All lines from the one that has "Summer Simple Japanese" onward to the end of the records below are to be returned exactly; pictures are to be skipped.

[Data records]
::::::

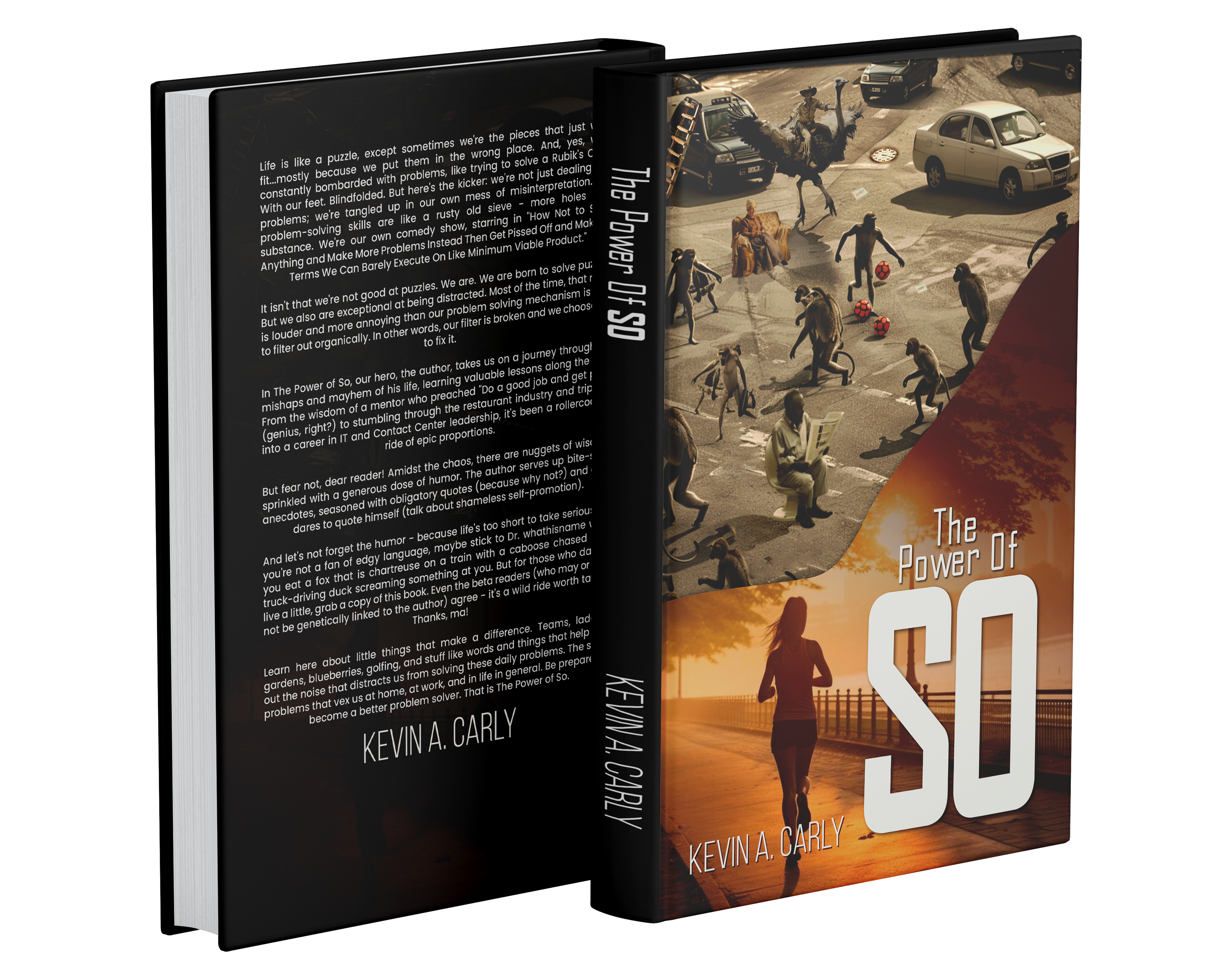 In The Power Of So, Kev narrates a series of anecdotes rooted in the concept of the power of a single word. The narrative moves through Kev’s experiences as a teen, his time as a restaurant manager, his professional life in the tech world, and as a parent. He shares mischievous tales of posing with his friend as a radio personality and basketball player. Kev tells shocking stories from his long career in IT and Contact Centers leadership. He uses a charming layer, some humor, and a bit of cynicism wrought from crazy corporate battles to deliver these tidbits.
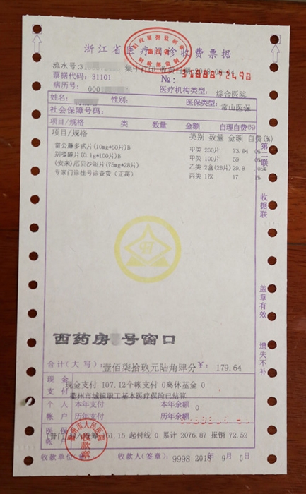 ??? 劉女士是衢州人,目前在杭州蕭山某超市工作,因患有慢性腎病,需要長期服藥,病情穩(wěn)定。
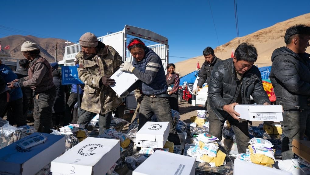 1月10日,在定結(jié)縣郭加鄉(xiāng)切村安置點(diǎn),群眾分配救災(zāi)物資。(新華社記者 丁增尼達(dá) 攝)
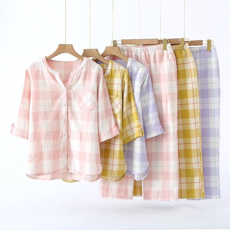 Summer Simple Japanese Style Plaid Women’s Pajamas Cotton Gauze Thin Short-sleeved Ankle-length Pants Outwear Home Suit
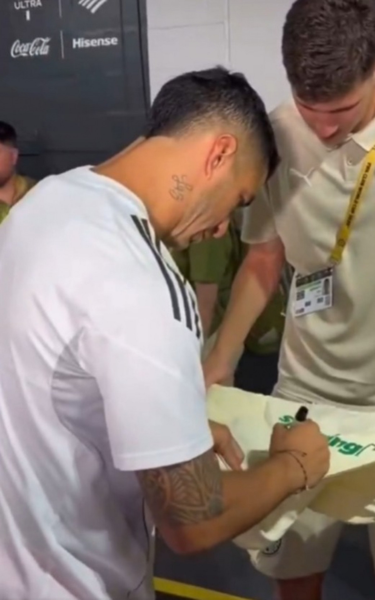 Estados Unidos - Os jogadores do Palmeiras aproveitaram a partida contra o Inter Miami, que terminou empatada por 2 a 2, válida pelo Mundial de Clubes, para tietar Luis Suárez. O atacante deu autógrafos e tirou fotos com atletas do Alviverde.
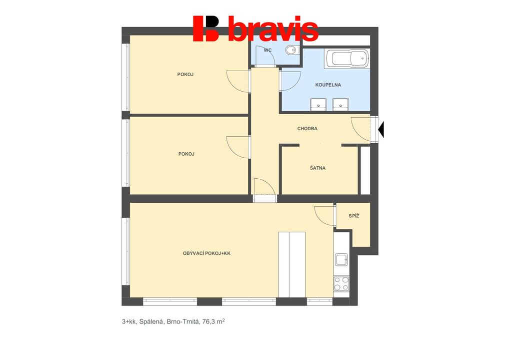Ve výhradním zastoupení majitele nabízíme k dlouhodobému pronájmu jedinečný byt o dispozici 3+kk s užitnou plochou 76 m², který se nachází na vyhledávané adrese Spálená v městské části Brno-Trnitá.
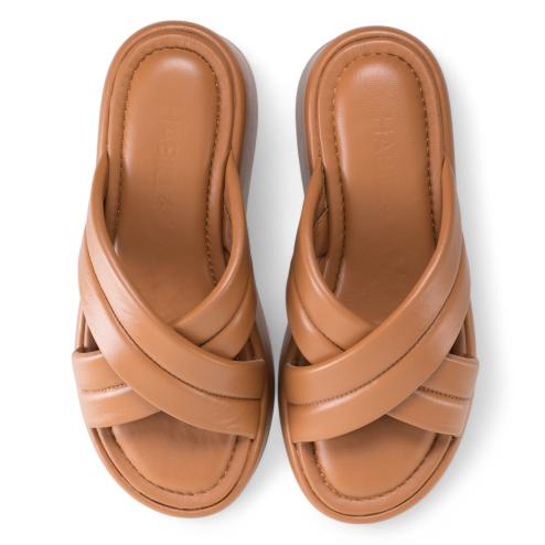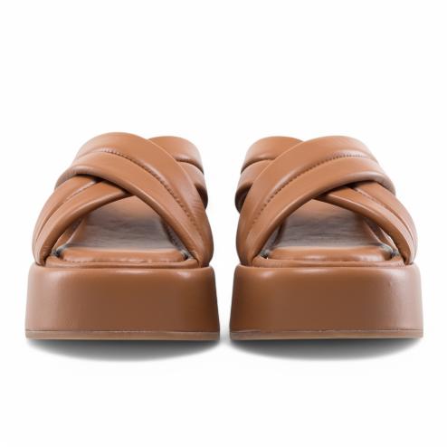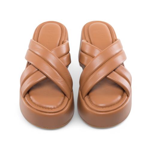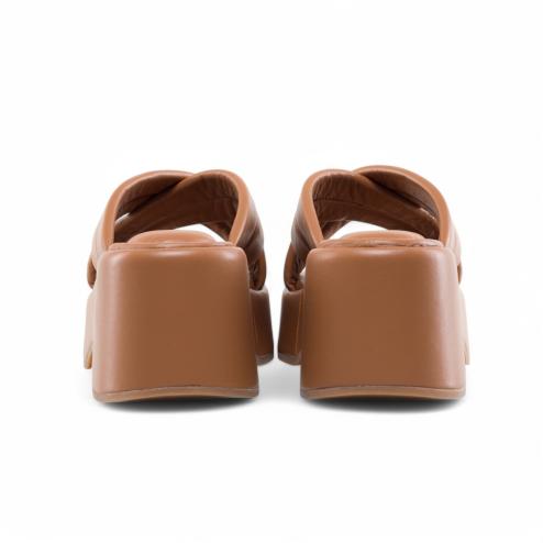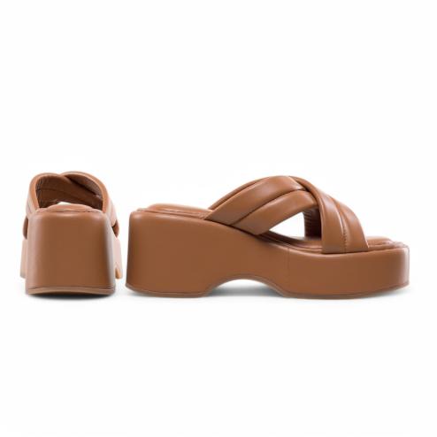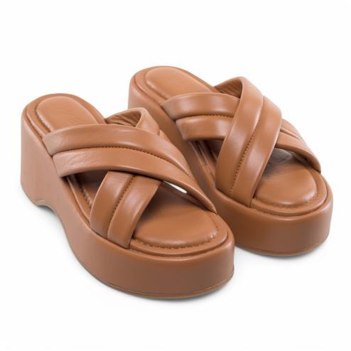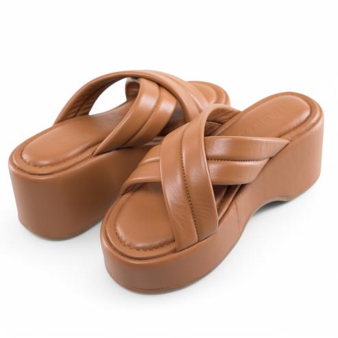 Upper with intersection bands in soft cognac padded tassel, high platformer front 4 cm and back 8 cm, insole in soft latex covered in leather, non-slip natural rubber sole.

::::::

▶ **Exercise answer**:
 Summer Simple Japanese Style Plaid Women’s Pajamas Cotton Gauze Thin Short-sleeved Ankle-length Pants Outwear Home Suit
 Estados Unidos - Os jogadores do Palmeiras aproveitaram a partida contra o Inter Miami, que terminou empatada por 2 a 2, válida pelo Mundial de Clubes, para tietar Luis Suárez. O atacante deu autógrafos e tirou fotos com atletas do Alviverde.
Ve výhradním zastoupení majitele nabízíme k dlouhodobému pronájmu jedinečný byt o dispozici 3+kk s užitnou plochou 76 m², který se nachází na vyhledávané adrese Spálená v městské části Brno-Trnitá.
 Upper with intersection bands in soft cognac padded tassel, high platformer front 4 cm and back 8 cm, insole in soft latex covered in leather, non-slip natural rubber sole.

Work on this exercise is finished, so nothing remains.